The concerns for DNOs are quite different, however, and uncertain. Consider, for example, a Tesla supercharging station. A full station with 5 charging bays operating at 120 kW for enough time to refill 5 Tesla 60-kWh batteries would cause a surge demand of 600 kW for half an hour. To put that in perspective, at peak time the average UK household electric power consumption is c. 800W (according to 2015 data from the Department for Energy and Climate Change) – i.e. this equates to c. 750 additional households plugging into the distribution network. To accommodate this level of demand, Tesla equips these stations with dedicated transformers similarly to industrial and commercial consumers.
The risk of such an impact, however, depends on the probability of this scenario occurring.

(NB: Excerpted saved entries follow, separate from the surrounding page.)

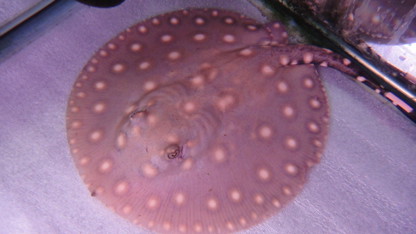 まだそんなに大きくなにので体色は灰色ですが、成長に従い黒くなっていきます。スポットもキレイで体盤の縁にも細かいスポットがしっかり入り、背中のスポットは今後フラワースポットになりそうです!まだまだスポットも増えてどんどんキレイになっていくと思います!メスでこんなにキレイな個体はあまりいませんので超オススメ!!餌はキョーリンのキャットに餌付いていますので飼育も楽です!体盤の縁に少し齧られた痕がありますがしばらくでもとどおりに治りますので心配はいりません!3つの画像は全て同一個体です。
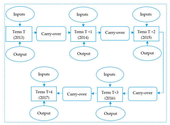 Tone and Tsutsui [30] researched and computed the theoretical aspects of the dynamic SBM model with the classification of carry-over activities that comprises of four categories including desirable, undesirable, discretionary and non-discretionary. In this study, we computed the efficiency of 18 large banks all over the world through treating desirable link. The bank company is set over terms . For each term, have inputs , outputs , and desirable output . Set , , , and indicate the observed (undesirable) input and desirable output values of at term . The symbolization of desirable link as . Let the notation as , where is the number of desirable link. The dynamic structure of enterprise is descripted in Figure 2. There are five consecutive terms, each term will deal with inputs and output variables, simultaneously the carry-over (link) will connect between two consecutive term.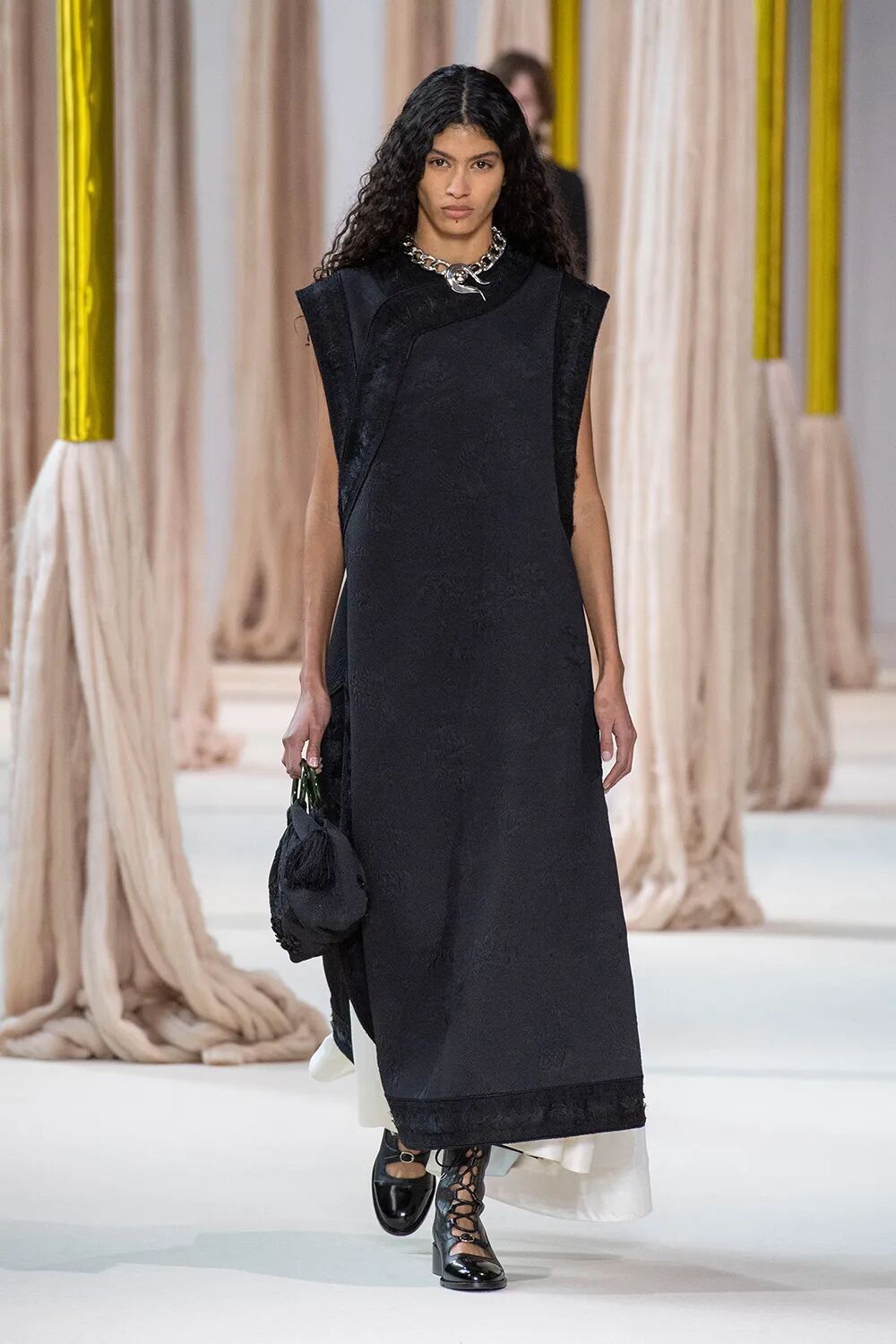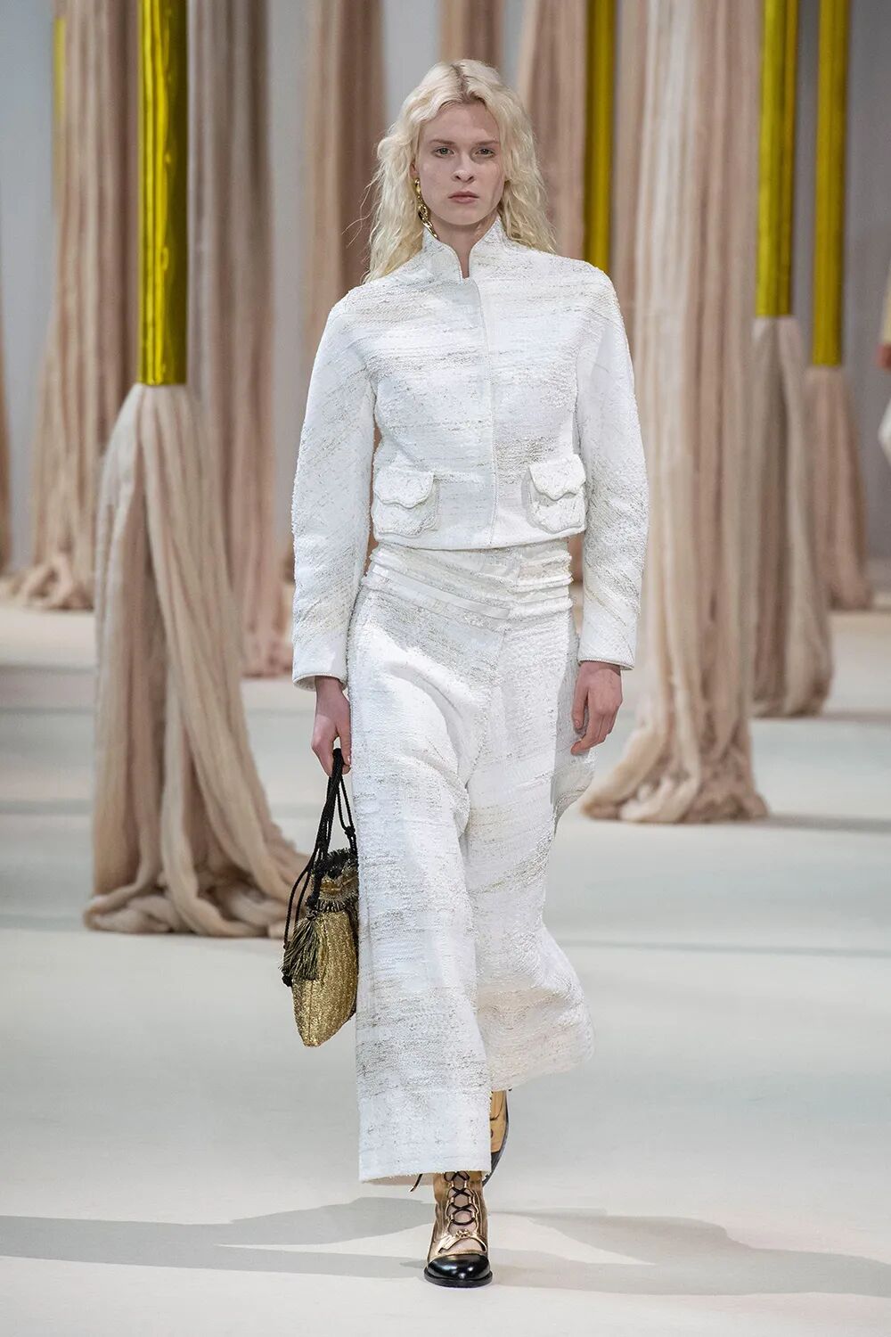 源於西方的斜紋軟呢布加上金屬流蘇絲線,變成了一種有華麗肌理感的面料。套裝以中式立領、下垂線條將斜紋軟呢的體積感收攏,而金屬流蘇絲線的立體效果又豐富了中國傳統的平面直線裁剪風格。

Using a statistic from the National Travel Survey (2014), the average annual distance driven per car in the UK is 3,235 miles per year. An individual EV with a 200 mile range, might therefore only have to recharge as little as once a fortnight. Secondly, the ongoing debate in the EV community suggests that the most convenient recharging location still is the home garage, even despite the free or nearly free access to public chargers that many charging networks and OEMs are offering to attract buyers.
Research from the Electric Power Research Institute analysing a dataset of observed driving behaviour in the United States found that 70% of charging would occur at home, 25% at the office and 5% in public areas. Home charging at 3.3 kW on the residential grid is likely to be more manageable for DNOs. If an EV- friendly neighbourhood cluster were to become problematic, simple timer delays could suffice to reschedule some charging to night time off-peak periods.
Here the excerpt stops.